ABOUT THIS EXERCISE – All that should be output is the block of lines below from the line with "圖為水務(wù)集團(tuán)工作人員為出行困難老人送水費發(fā)票。" to the line with "Nike react vision", both included, exactly as written.

MATERIALS PROVIDED –
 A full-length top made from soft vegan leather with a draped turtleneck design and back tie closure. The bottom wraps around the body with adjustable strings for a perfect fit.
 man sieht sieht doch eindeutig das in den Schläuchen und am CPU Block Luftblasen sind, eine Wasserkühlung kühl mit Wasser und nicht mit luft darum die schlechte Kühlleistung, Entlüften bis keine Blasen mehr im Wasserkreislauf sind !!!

...

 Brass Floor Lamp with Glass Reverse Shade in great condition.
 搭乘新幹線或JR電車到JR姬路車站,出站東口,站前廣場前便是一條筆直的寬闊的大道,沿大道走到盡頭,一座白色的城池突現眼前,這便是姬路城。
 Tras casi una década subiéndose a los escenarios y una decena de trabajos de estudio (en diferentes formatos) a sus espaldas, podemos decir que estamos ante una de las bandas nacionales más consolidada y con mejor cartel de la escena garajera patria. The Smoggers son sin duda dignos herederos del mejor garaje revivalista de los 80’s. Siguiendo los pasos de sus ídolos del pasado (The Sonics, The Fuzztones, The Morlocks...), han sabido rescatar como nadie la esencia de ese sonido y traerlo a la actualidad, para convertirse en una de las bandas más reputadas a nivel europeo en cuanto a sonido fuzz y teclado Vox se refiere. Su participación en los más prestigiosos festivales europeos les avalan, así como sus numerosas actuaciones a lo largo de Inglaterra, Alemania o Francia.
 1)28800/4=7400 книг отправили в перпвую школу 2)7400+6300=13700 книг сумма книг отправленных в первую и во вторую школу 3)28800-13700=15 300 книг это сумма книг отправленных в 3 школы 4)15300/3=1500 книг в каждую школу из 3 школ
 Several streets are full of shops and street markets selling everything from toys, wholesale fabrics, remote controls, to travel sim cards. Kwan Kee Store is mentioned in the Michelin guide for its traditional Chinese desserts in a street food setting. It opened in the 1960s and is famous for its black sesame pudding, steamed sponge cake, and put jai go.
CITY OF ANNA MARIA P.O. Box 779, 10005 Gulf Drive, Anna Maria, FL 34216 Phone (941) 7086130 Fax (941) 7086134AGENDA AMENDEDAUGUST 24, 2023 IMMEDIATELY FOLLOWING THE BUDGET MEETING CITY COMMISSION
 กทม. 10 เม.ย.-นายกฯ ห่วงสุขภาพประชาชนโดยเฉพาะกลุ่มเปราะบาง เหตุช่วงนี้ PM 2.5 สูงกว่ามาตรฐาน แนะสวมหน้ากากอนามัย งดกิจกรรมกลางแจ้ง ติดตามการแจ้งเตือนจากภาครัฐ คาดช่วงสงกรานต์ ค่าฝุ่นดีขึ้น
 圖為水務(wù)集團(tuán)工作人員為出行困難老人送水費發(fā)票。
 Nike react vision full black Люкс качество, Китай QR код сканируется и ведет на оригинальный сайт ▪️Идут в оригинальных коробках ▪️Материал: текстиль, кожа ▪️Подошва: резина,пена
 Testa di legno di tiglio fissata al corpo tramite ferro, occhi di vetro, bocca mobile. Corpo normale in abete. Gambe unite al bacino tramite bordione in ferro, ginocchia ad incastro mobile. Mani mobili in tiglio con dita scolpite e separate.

--

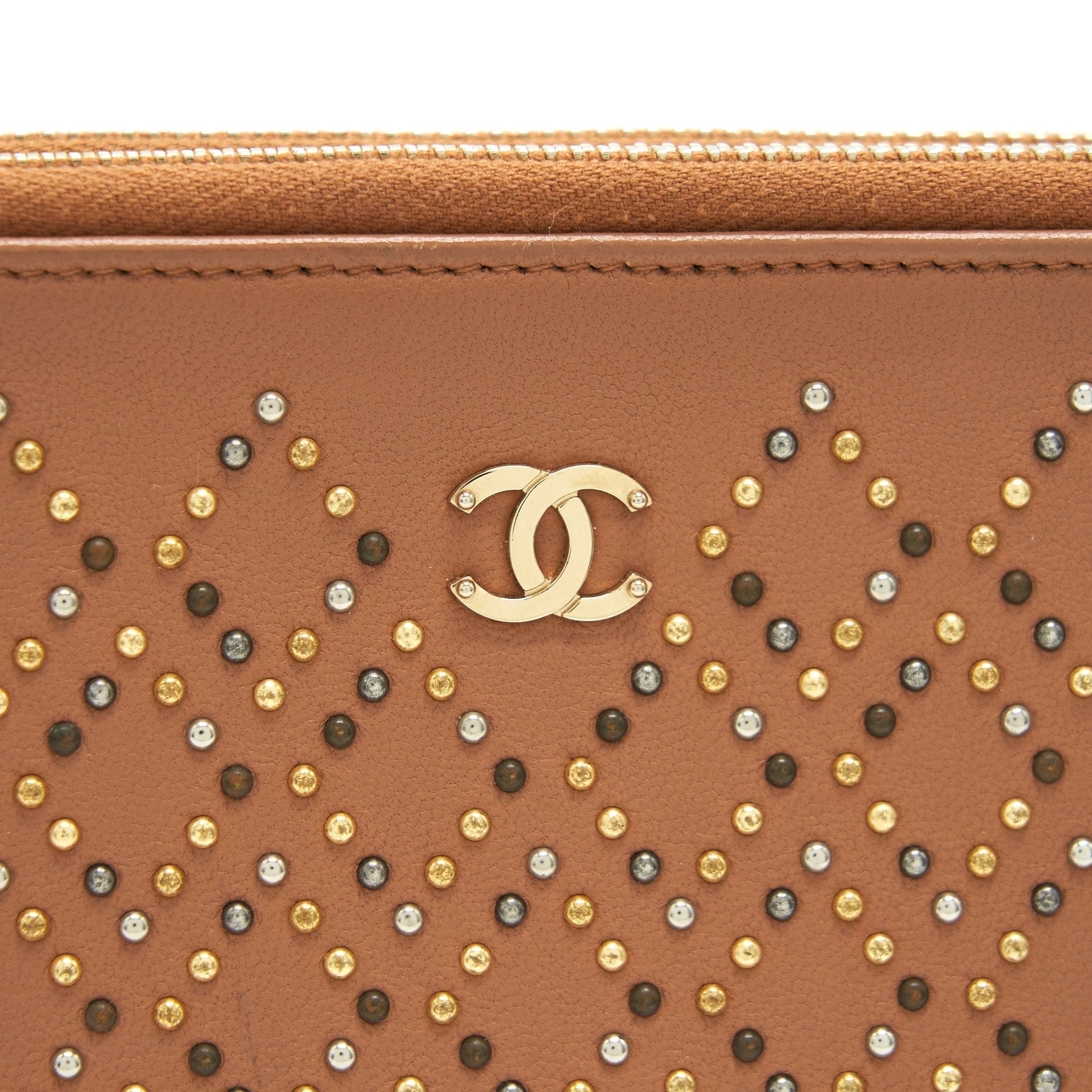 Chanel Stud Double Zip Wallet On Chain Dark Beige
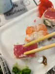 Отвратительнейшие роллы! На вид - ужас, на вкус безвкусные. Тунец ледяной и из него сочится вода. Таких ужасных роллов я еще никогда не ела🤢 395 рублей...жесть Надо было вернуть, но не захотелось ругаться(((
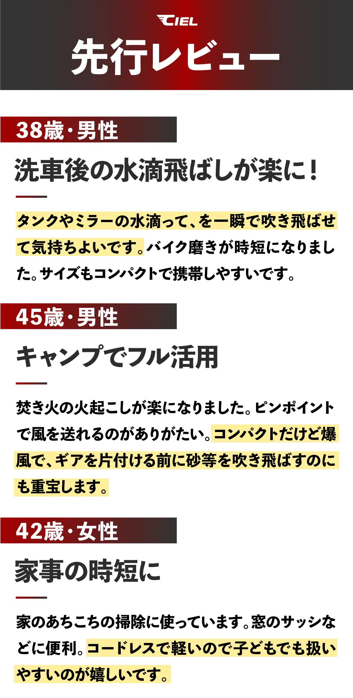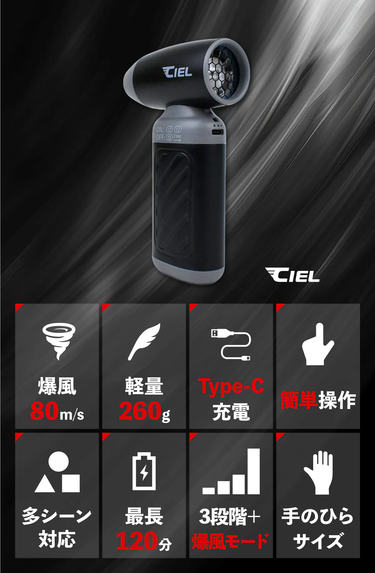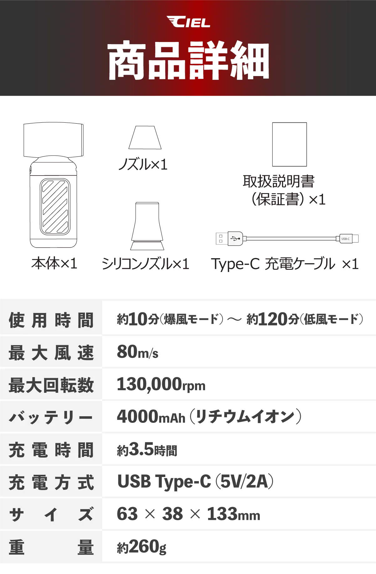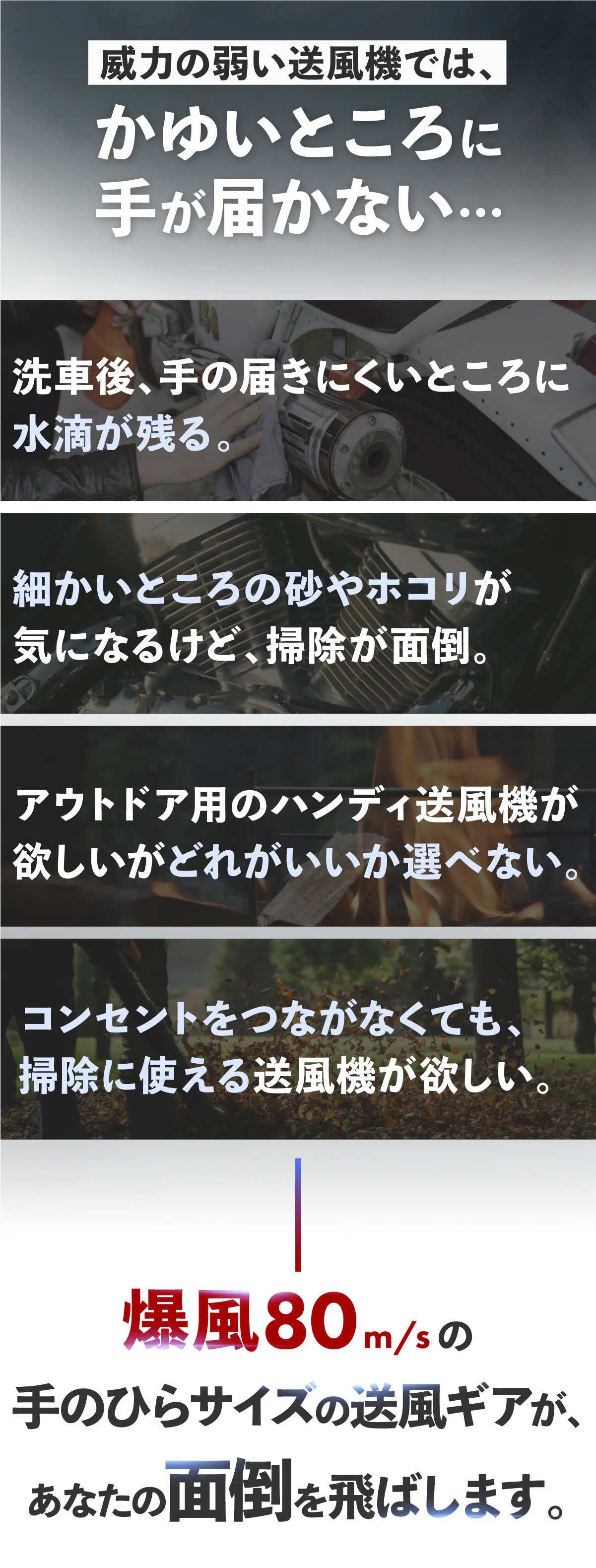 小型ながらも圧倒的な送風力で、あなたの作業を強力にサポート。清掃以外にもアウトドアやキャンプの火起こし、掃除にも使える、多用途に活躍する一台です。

SOLUTION –
 圖為水務(wù)集團(tuán)工作人員為出行困難老人送水費發(fā)票。
 Nike react vision full black Люкс качество, Китай QR код сканируется и ведет на оригинальный сайт ▪️Идут в оригинальных коробках ▪️Материал: текстиль, кожа ▪️Подошва: резина,пена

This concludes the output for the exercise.